Notes on the Terrain Vague.
Published in LoSquaderno. Explorations in Space and Society, no.34.
Michiel Dehaene, Claudia Faraone & Cristina Mattiucci (eds.). December 2014
Terrain vague is usually synonym for a place exceeding the traditional categories of the city. Juxtaposing entropy to definite zones of containment, abandonment and emptiness to consolidated urban fabric, ceaseless transformation to historical stratification, informality and illegal activities to controlled jurisdictions, the terrain vague acts a sort of ruin, where the city is at the point of both being forgotten and disclosing its imminent future, eluding any of its regular uses and functioning mechanisms.
A generation of authors addressed the terrain vague through an aesthetic perspective, romanticizing the post-industrial landscape as a way of escaping the flat and homogeneous space of the Fordist planning. In the past, these spaces offered fertile ground for the development of new forms of life and alternative modes of production growing autonomously from the capitalist accumulation and official urban strategies.

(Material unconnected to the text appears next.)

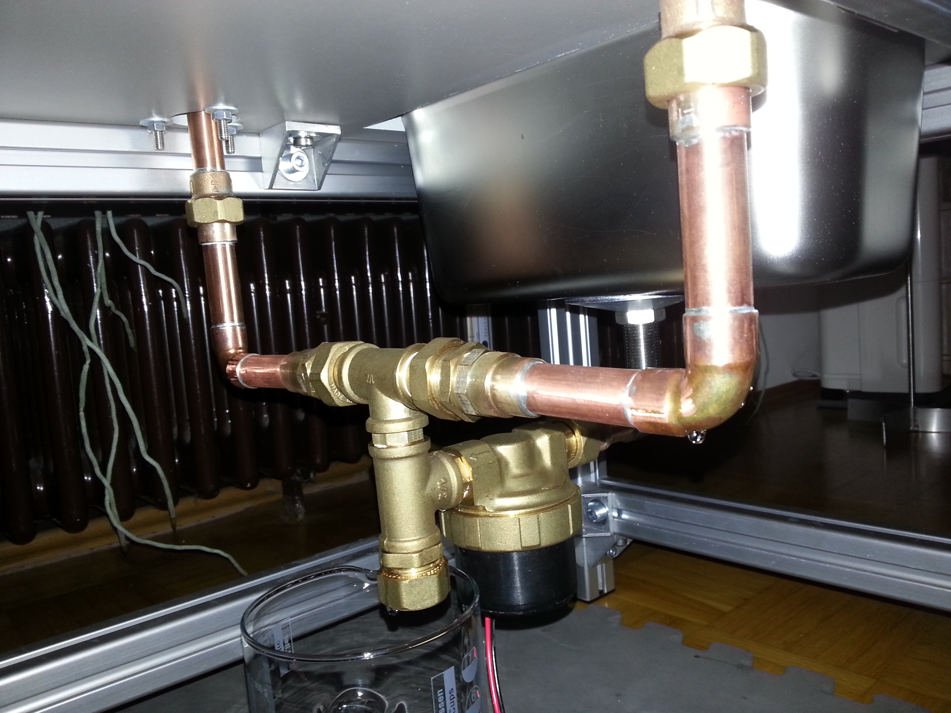 Die Pumpe und die Leitungen habe ich die letzten Tage montiert und gestern einen ersten Test mit Wasser gemacht. Alles funktioniert wunderbar und man kann mit den beiden Kugelhähnen steuern, was wie schnell und wohin gepumpt werden soll. Es gibt einzig das Problem, dass die Verrohrung auf der Unterseite mit der Pumpe an vielen Stellen nach einiger Zeit das Tropfen beginnt. Das Löten beherrsche ich mittlerweile sehr gut aber Rohrverschraubungen mit Teflonband abdichten scheint nicht meine Kernkompetenz zu sein - wer hier noch einen Tipp hat....

Nevertheless, it seems today that vagueness constitutes a specific category of the contemporary metropolis rather than a form of resistance, an instrument of control rather than a ground for opposition. Within the recent urbanisation – ruled by the abstraction of finance, regimes of potential yields, envelopes of rentable cubic meters and empty lots – the terrain vague is no longer an alternative autonomous realm, an outside.
On the contrary vagueness has been not only interiorised in the real-estate administration of the city, but also incarnated in the increasingly precarious forms of life and work of its inhabitants, mirroring the proper biological indeterminacy of the human species.